Ranking Member Connolly’s Opening Statement at Subcommittee Hearing on Federal IT Systems

May 10, 2023
Press Release

Washington, D.C. (May 10, 2023)—Below is Ranking Member Gerald E. Connolly's opening statement, as prepared for delivery, at today's Subcommittee on Cybersecurity, Information Technology, and Government Innovation hearing examining federal information technology (IT) systems.

Opening Statement

Ranking Member Gerald E. Connolly

Subcommittee on Cybersecurity, Information Technology, and Government Innovation

Hearing on "Risky Business: Costly Inaction on Federal Legacy IT"

May 10, 2023

To best accomplish their public service missions, federal agencies need information technology (IT) systems that are efficient, effective, and secure. From facilitating veterans' online access to health and pension benefits to processing millions of taxpayers' vital IRS refunds, IT keeps our country running 24-hours a day, seven days a week. But as we know, not all IT systems are created equal. In fact, the Government Accountability Office (GAO) found that of the $100 billion dedicated to information technology and cyber-related investments, 80% of those dollars are spent on technology operation and maintenance expenses alone, including legacy systems.

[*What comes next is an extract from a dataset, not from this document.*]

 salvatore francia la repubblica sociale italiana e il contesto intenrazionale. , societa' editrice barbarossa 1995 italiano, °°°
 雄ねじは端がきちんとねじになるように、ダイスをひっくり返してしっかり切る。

While age itself is not inherently an indication of poor performance, legacy systems—those that are written in outdated languages or are operating on unsupported hardware and software, leave our government vulnerable to security threats. It is vital, therefore, that we work together to identify and update the legacy systems that plague federal agencies.

During my tenure as Chairman of the Government Operations Subcommittee, I focused the gavel on IT modernization. Over the course of eight hearings in the 117th Congress alone, we established that achieving quality IT demands three components: cost effectiveness, prioritized customer experience, and a robust cyber infrastructure. While each of these factors may seem independently important, they are related and create the foundation for agency success.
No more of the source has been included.